Assange ou démon ?

Julain Assange au balcon de l'ambassade d'Equateur à Londres. Photo The Guardian

La spectaculaire apparition de Julian Assange au balcon de l’ambassade d’Equateur à Londres, où il est réfugié, a suscité l’enthousiasme de ses partisans.

 Parmi ses supporteurs, il faut mentionner Adolfo Pérez Escrivel qui, depuis son Prix Nobel de la Paix en 1980, se pense investi d’un magistère moral planétaire. Citons la première partie de son texte :

 « Depuis l’Argentine, nous suivons avec beaucoup de préoccupation les récents évènements internationaux au sujet de la décision souveraine de la République d’Equateur d’accorder l’asile diplomatique à Julian Assange dans le cadre du Droit International.
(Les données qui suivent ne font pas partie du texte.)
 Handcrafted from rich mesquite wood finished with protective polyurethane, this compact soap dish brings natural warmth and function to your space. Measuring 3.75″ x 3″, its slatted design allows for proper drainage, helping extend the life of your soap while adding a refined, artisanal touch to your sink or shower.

 Le Gouvernement de la République d’Equateur a exprimé les raisons qui l’ont amené à prendre cette décision ; parmi ces raisons, la préoccupation pour la vie même de Julian Assange qui est poursuivi politiquement pour avoir diffusé une information très grave qui a mis en évidence les actions criminelles des Etats-Unis dans les Guerre d’Afghanistan et d’Irak et les actions déjà connues d’intromission à travers ses ambassades dans les affaires intérieures des autres pays. La crainte pour la vie d’Assange est justifiée car déjà aux Etats-Unis on parle d’une éventuelle mise en jugement grâce à la Loi sur l’Espionnage qui inclut la peine de mort. »

 D’autres zélateurs tentent d’expliquer pourquoi Assange est fondé à se soustraire à la justice suédoise qui a demandé son extradition à la suite de la plainte de deux femmes pour viol. Ainsi, le député britannique George Galloway nie que les faits reprochés à Assange, même s’ils étaient avérés, puissent être qualifiés de viol : « certains croient que quand vous allez au lit avec quelqu’un, retirez vos vêtements, que vous faites l’amour avec elle et que vous vous endormez, vous êtes dans un jeu sexuel avec elle. Cela peut-être une mauvaise manière de ne pas lui avoir tapé sur l’épaule et lui avoir dit « est-ce que ça te dérange si je recommence ? » Cela peut relever d’un code de conduite sexuelle sordide, mais de quelque manière qu’on le qualifie, ce n’est pas un viol, sauf à priver le mot viol de sens. »

 La position de Galloway, qui dénie toute compétence à la justice suédoise, a le mérite de remettre au centre de l’affaire le viol présumé, et non Wikileaks. Il est bon en effet de rappeler :

 Que Julian Assange n’est pas l’objet d’une procédure judiciaire aux Etats-Unis, et encore moins d’une procédure d’extradition ;

 Que la Suède est un Etat de droit, dans laquelle la justice s’efforce de faire son travail avec impartialité ;

 Que deux femmes estiment avoir subi un préjudice et attendent réparation.

 La stratégie de Julian Assange est de se faire passer pour victime en espérant ainsi ne pas avoir à répondre de l’accusation d’agression. Il prétend ne pas comparaître devant la justice suédoise au nom de l’injustice faite à Wikileaks. Ce positionnement de donneur de leçons morales est pour le moins éthiquement douteux.